The idea of Mr. Trump’s fund had generated wide resistance from Republicans, including some in the House and Senate who face tough re-election challenges in November. Some of the most vocal pushback came from Republican senators like Mr. Tillis who have little left to lose politically by crossing a vengeful president.
Mr. Tillis, who is not seeking re-election next year, said his vote to move ahead with the reconciliation bill was contingent on a commitment from Republican leaders that he would get a vote on an amendment that would permanently shut down what the administration had called its “weaponization” fund.
Senator Bill Cassidy, the Louisiana Republican who recently lost his primary to a Trump-backed challenger, also said Mr. Blanche’s statement had been a good start but was not sufficient, indicating that he might support a Democratic amendment to ban the fund, or introduce his own.
“You want to make sure something that’s just dead, not just mostly dead, you want to make sure it’s really dead, and I think we can make it really good,” he said.

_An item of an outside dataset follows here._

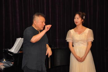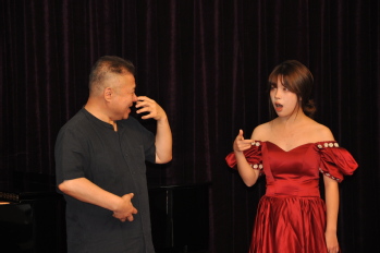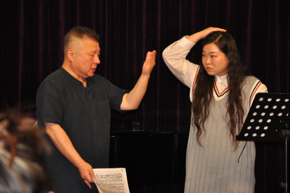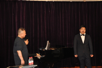 我系共推选4名学生、1名青年教师参加,分别是大一学生杨天明、谢心睿、大三学生马涵、杨家明以及青年教师葛玉华。迟立明老师首先肯定了他们的音色、演唱水平、情感表达,尤其对葛玉华老师演唱的完整性与表现力给予高度评价。然后在咬字的把握、气息的控制、声带放松等演唱细节上耐心的指导与示范,他亲切又接地气的讲解让学生们能够很快明白问题所在,并跟着迟老师一起唱起来。最后迟老师还向众多学生观众提出“打开与撑的辩证统一的理念”,鼓励学生在练习时多去思考其中的联系,获得新的启发,从而提升演唱能力。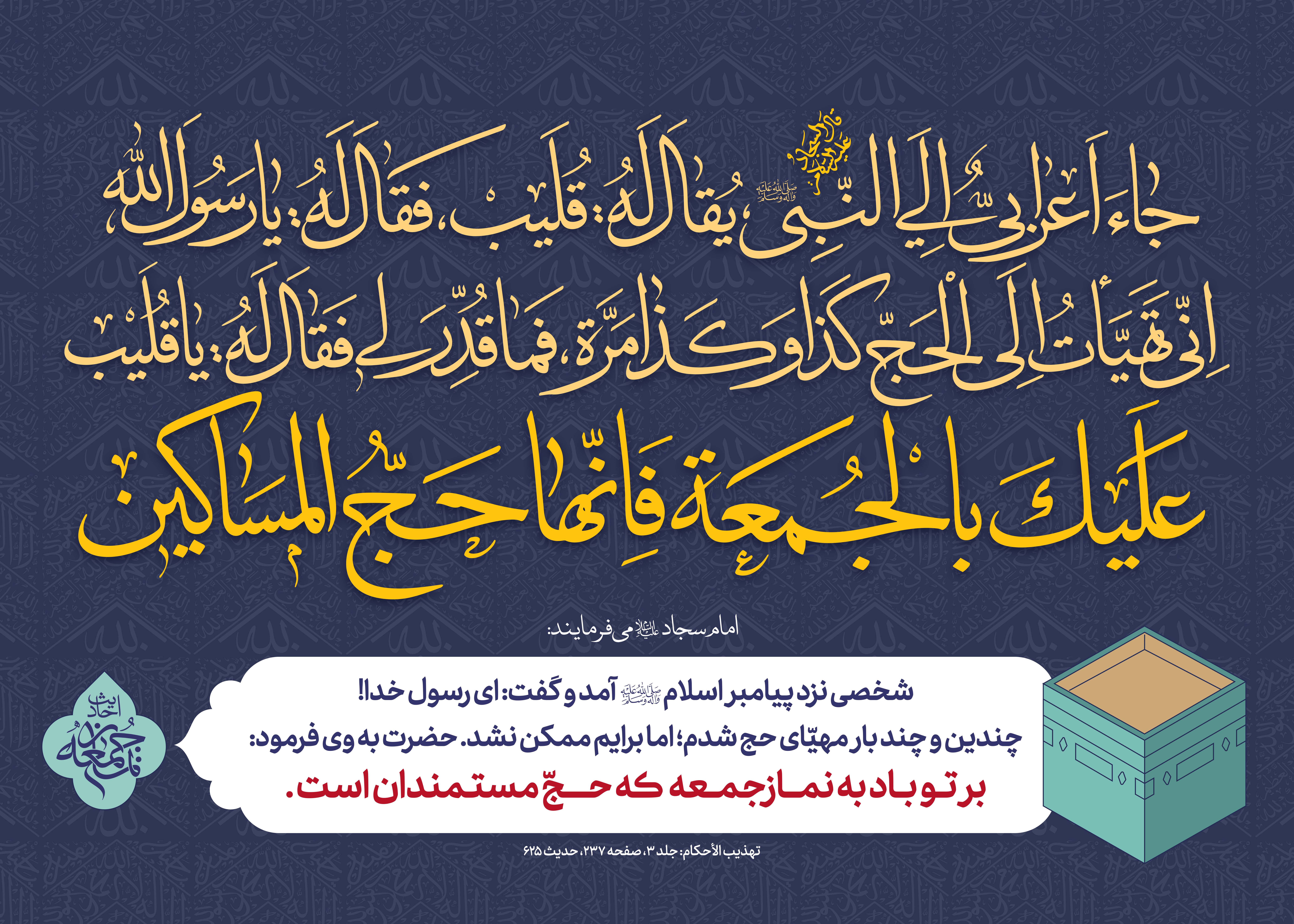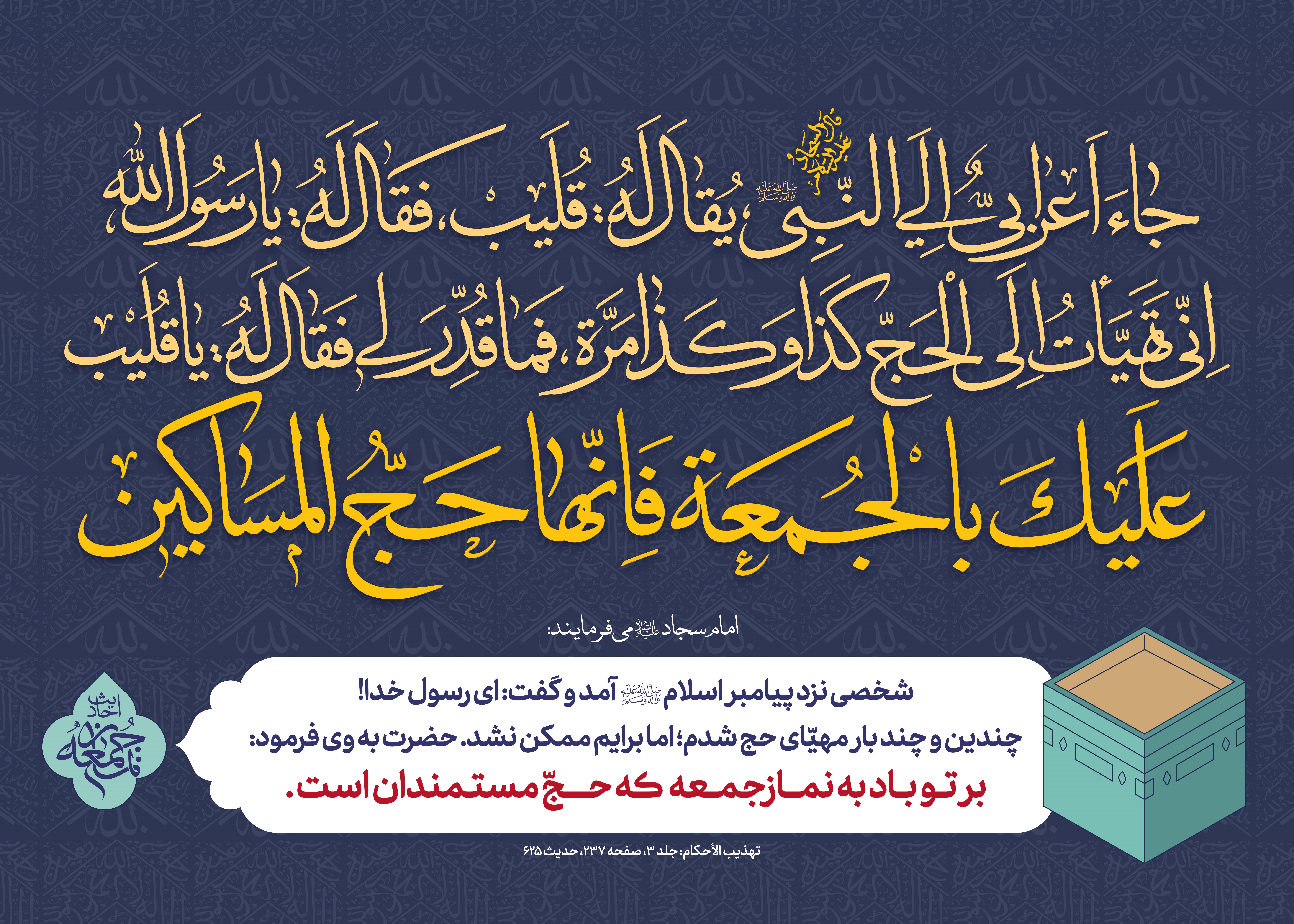 شخصی نزد پیامبر اسلام(صلی الله علیه و آله) آمد و گفت: ای رسول خدا! چندین و چند بار مهیای حج شدم؛ اما برایم ممکن نشد. حضرت به وی فرمود: بر تو باد به نماز جمعه که حج مستمندان است.

Senator John Cornyn of Texas, another Republican who lost his primary to a Trump-backed challenger, also indicated that he would support codifying Mr. Blanche’s statement into law through legislation.
On Wednesday morning, Mr. Cornyn shared on social media an editorial from The Wall Street Journal that urged lawmakers to kill the fund once and for all, and wrote in an echo of the editorial: “The way to ensure the Trump retribution fund is more than mostly dead would be for Congress to put a stake through it.”
Robert Jimison contributed reporting.